GENEVA: The World Health Organization said on Friday (Mar 12) there was no reason to stop using AstraZeneca's COVID-19 vaccine after several European countries suspended the roll-out over blood clot fears.
The WHO said its vaccines advisory committee was currently looking at safety data and stressed that no causal link has been established between the vaccine and clotting.
Health authorities in Denmark, Norway, Iceland, Italy and Romania postponed or limited the roll-out of AstraZeneca vaccines after isolated reports of recipients developing blood clots.
"AstraZeneca is an excellent vaccine, as are the other vaccines that are being used," WHO spokeswoman Margaret Harris told reporters at a briefing in Geneva.

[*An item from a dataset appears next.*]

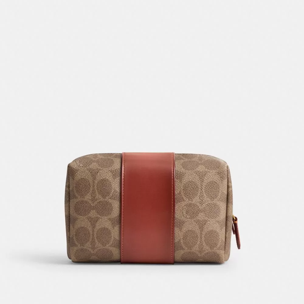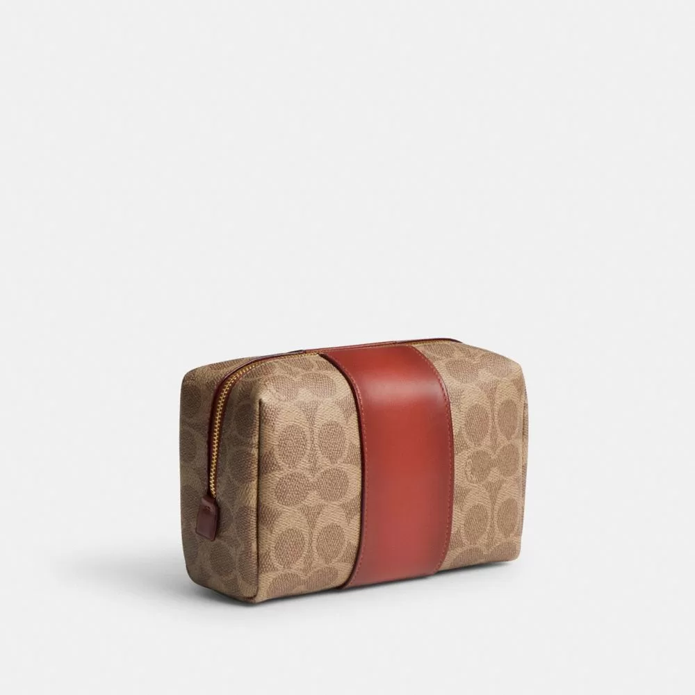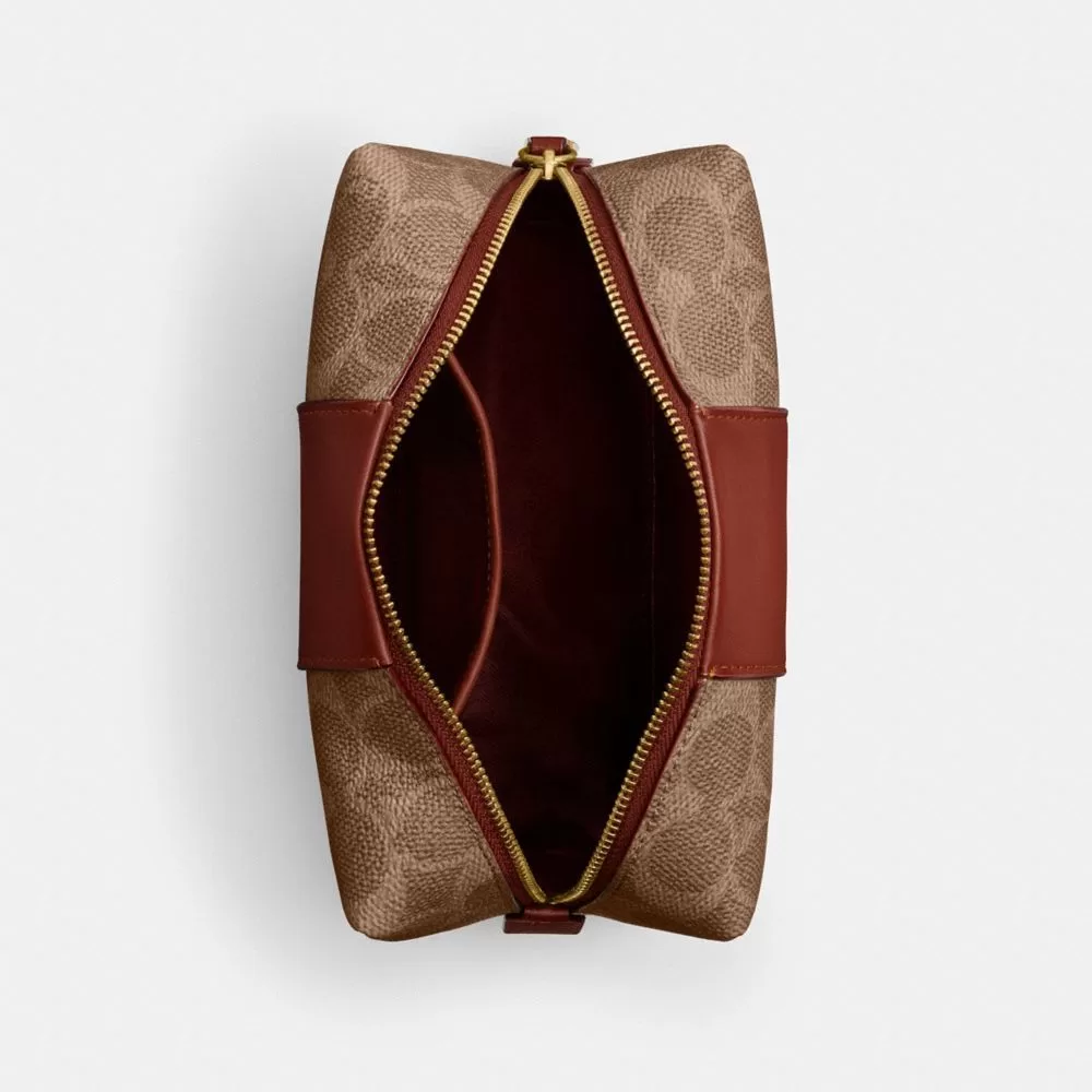 Coach Women Tech & Travel Essential Cosmetic Pouch In Signature Canvas Brass/Tan/Rust

"We've reviewed the data on deaths. There has been no death, to date, proven to have been caused by vaccination," she said.
"Yes, we should continue using the AstraZeneca vaccine," she added, stressing though that "any safety signal must be investigated".
"We must always ensure that we look for any safety signals when we roll out vaccines, and we must review them," she said. "But there is no indication to not use it."
Top German public health officials said AstraZeneca's COVID-19 vaccine was safe and Germany would continue to use it.
With Germany still facing a scarcity of vaccines and a third wave of COVID-19, the government is anxious to ensure that vaccine scepticism does not undermine the roll-out on which it is banking to bring the pandemic under control.
"Everything we know so far suggests that the benefits of the vaccine, even after every individual case reported, are greater than the risks, and that continues to be the case," Health Minister Jens Spahn told a news briefing.
Lothar Wieler, head of the Robert Koch Institute for Infectious Diseases, added that there was no statistical evidence of excess mortality after any coronavirus vaccine shot.
"Since we're now vaccinating the old and very old, and most people who die are of course old and very old, then there can be a chronological link between vaccination and death," he said.
"There is no evidence that the link is statistically excessive," Wieler added.